The other great omissions by my count are basically any restaurant located between 33º and 34º south, better known as Mendoza’s Uco Valley. There are several five-star hotels in Uco, including the Vines of Mendoza, Casa de Uco, and La Morada Lodge. Each hosts demanding guests who not only want to drink top-notch wine and dine extremely well, but also indulge in luxurious spa experiences or Andean horseback riding. 

While it’s a relatively well-known fact that chef Francis Mallmann is anti-awards, it seems curious that his unique outdoor cooking experience Siete Fuegos wasn’t given a wink (although his restaurant 1884 at Escorihuela Gascón is in there). Hornero at La Morada has been picking up regional dining awards for its two-tiered approach to open fire cooking, as has its sister restaurant in Buenos Aires, Uco (both led by the same chef). 

Cundo, in Altamira, is an indie restaurant with an excellent short tasting menu. This and cover image: courtesy of Cundo

Two indie operations that aren’t associated with either a hotel or a winery — veggie-driven Ruda in Gualtallary and Cundo in Altamira — are both run by professional teams serving excellent short tasting menus. All have been overlooked.

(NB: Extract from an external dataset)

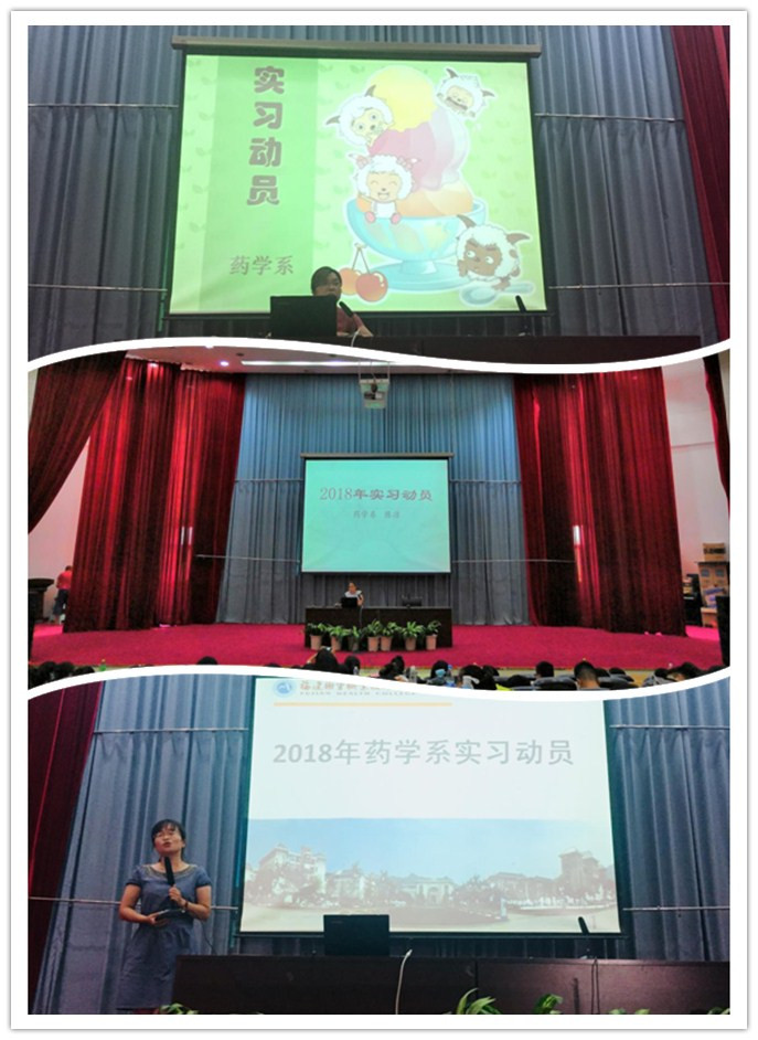 6月26日,2016級藥學系的實習動員大會在學術廳如期舉行。實踐科梁艷老師、系潘雪豐副主任、陳潔副書記、16級輔導員及全體學生參加了此次動員大會。

As for Piedra Infinita, the restaurant at Bodega Zuccardi is a key part of the winery’s experience: Zuccardi was named World’s Best Vineyard for three consecutive years by 50 Best. Yet Michelin has waltzed past, nose in the air, not even considering selecting them for “good cooking.”

My gut instinct is that the inspector/s never even made it to Uco Valley. It seems impossible to ignore the restaurant of a winery that took a hat trick of Best Vineyard awards. If a taquería in Mexico City can pick up a coveted red star for “high quality cooking,” surely restaurants championing Argentina’s beef-led gastro heritage paired with 100-point Malbec at least merit a recommendation for “good” cooking?